In futuro potrebbe essere un cerottino sulla pelle a '"vaccinare" le persone allergiche agli alimenti, desensibilizzandole e permettendo loro il contatto con il cibo che provoca la reazione. Lo affermano i risultati di alcuni studi presentati a Roma al Congresso annuale della World Allergy Organization promosso dall'Ospedale Pediatrico Bambino Gesù.

Attualmente il metodo più usato per mettere in sicurezza le persone con gravi allergie alimentari è l'immunoterapia orale, in cui vengono messe in contatto con quantità crescenti dell'allergene. Al congresso sono stati presentati per la prima volta in Europa i nuovi dati di studiosi americani sulla efficacia della desensibilizzare per alimenti non attraverso la via orale ma attraverso la via cutanea. Negli studi finora eseguiti, questi cerotti aumentano la tolleranza per arachide e per latte. Il trattamento viene ben tollerato senza reazioni allergiche sistemiche, ma in alcuni pazienti è stato osservato un aumento delle reazioni cutanee eczematose locali.

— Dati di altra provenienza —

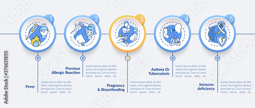 Vaccination contraindications and precautions vector infographic template. Presentation design elements. Data visualization with five steps. Process timeline chart. Workflow layout with linear icons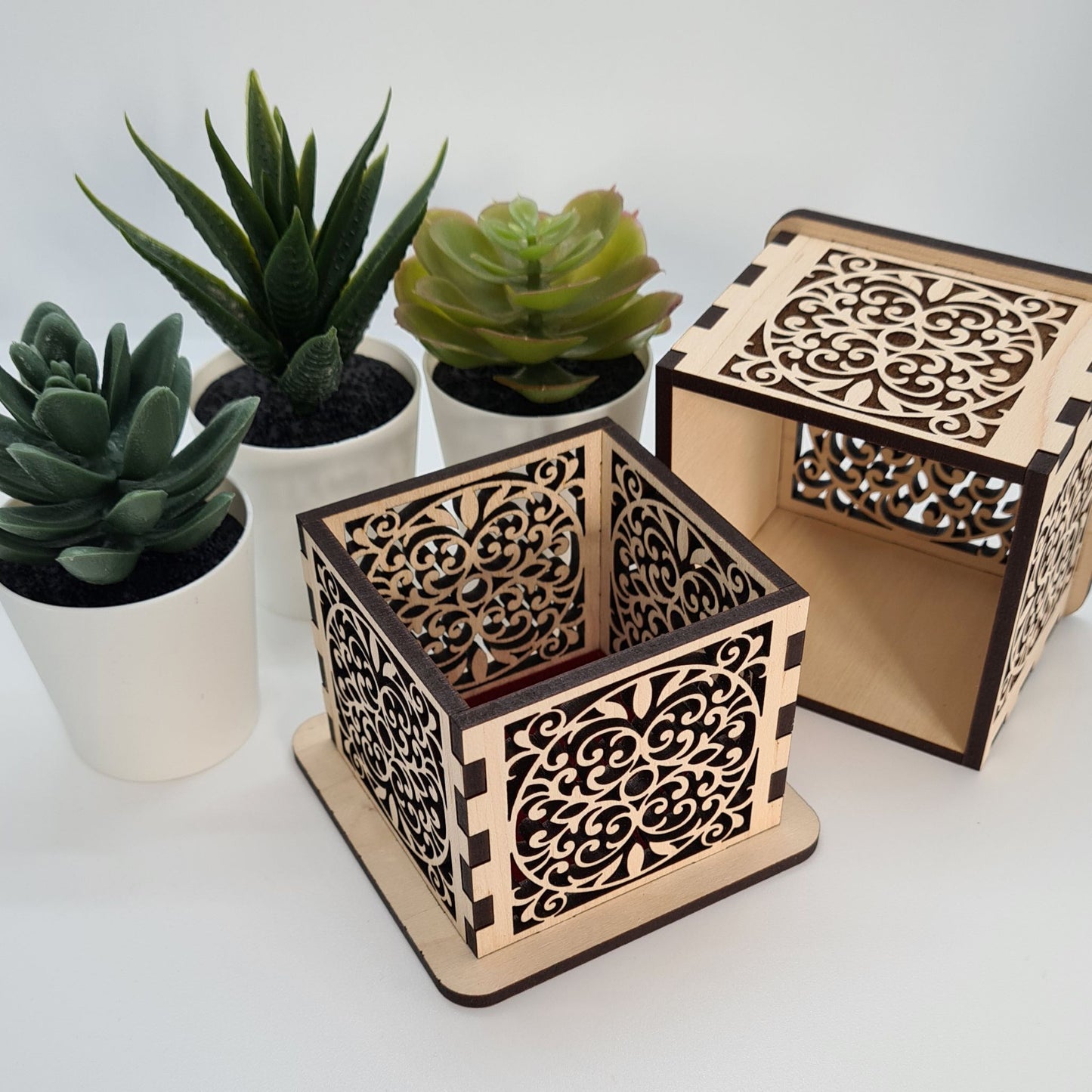 Filigree work has been prized for centuries for its delicate beauty and intricate detail. This laser-cut wooden interpretation brings that same elegance to a functional object, creating something that's both useful and utterly beautiful. The interplay of light and shadow through the cut-through pattern, the precision of the scrollwork, and the warmth of natural wood combine to create a piece that feels both timeless and contemporary.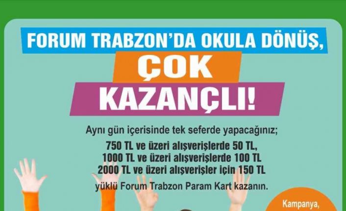 Trabzon ve çevre illerin buluşma noktası Forum Trabzon, okullar başlarken herkese kazançlı bir alışveriş fırsatı sunuyor. Aynı gün içerisinde tek seferde yapılacak 750 TL ve üzeri alışverişlerde 50 TL, bin TL ve üzeri alışverişlerde 100 TL, 2 bin TL ve üzeri alışverişlerde 250 TL yüklü ‘Forum Trabzon Param Kart’ kazandıran kampanya sayesinde ziyaretçiler harcadıkça kazanıyor.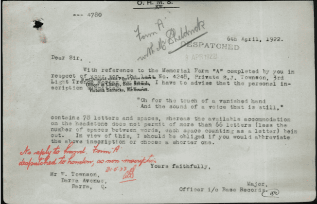 As this notice sent to William Townson at Darra on 6th April 1922 reveals, Stanley’s father’s request for these words to be added to his son’s memorial was not accepted as it did not meet official requirements. [2] William, born in Salford, Lancashire was an avid letter writer and often included extracts from poetry in his correspondence. He selected these words from Alfred, Lord Tennyson’s poem Break, Break, Break for the memorial to the second son he had lost in World War I.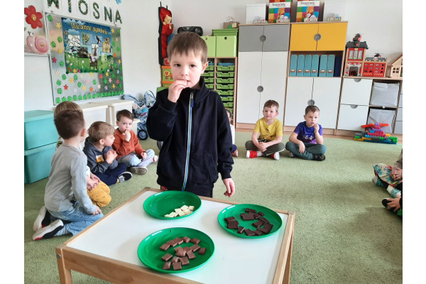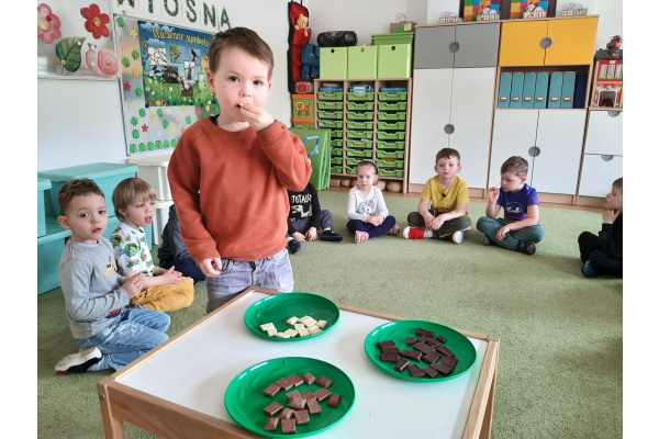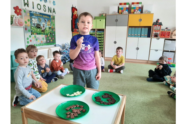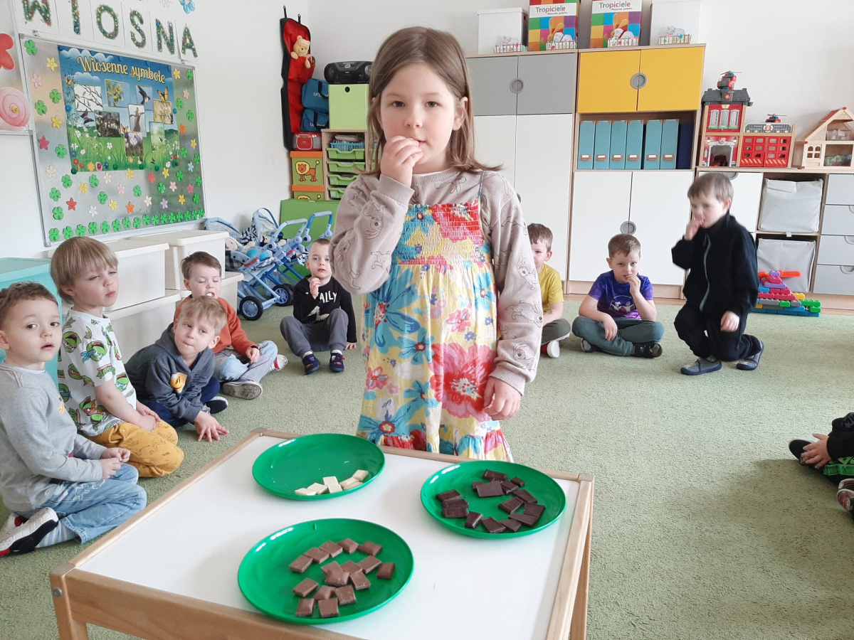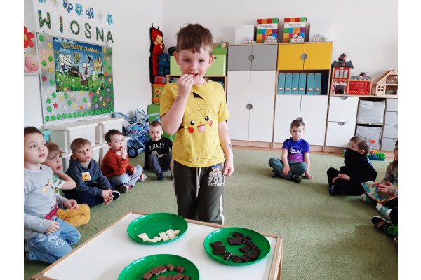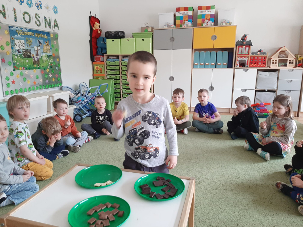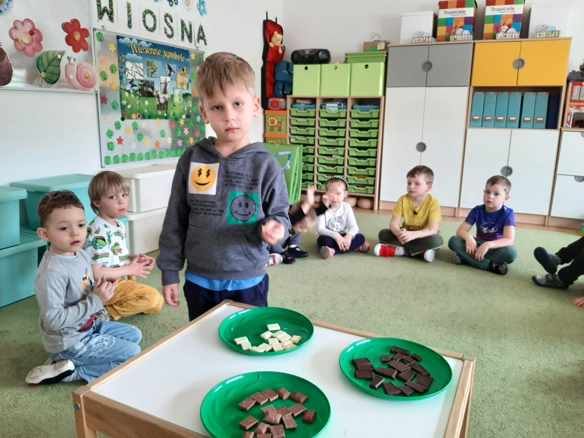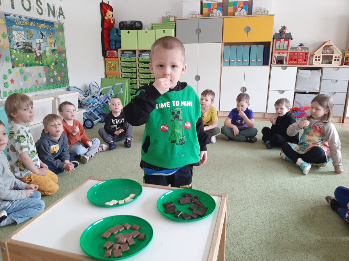Nie zabrakło także degustacji – przedszkolaki próbowały różnych rodzajów czekolady i poznawały ich smaki.

"Forse in un prossimo futuro vaccineremo i nostri bambini allergici con un cerottino sulla pelle - afferma Alessandro Fiocchi, responsabile di Allergologia dell'Ospedale Pediatrico Bambino Gesù -. Sempre più avanzate sono poi le immunoterapie specifiche per l'allergia alimentare, che si evolvono ad una integrazione con immunomodulatori naturali quali i probiotici per migliorare la loro efficacia".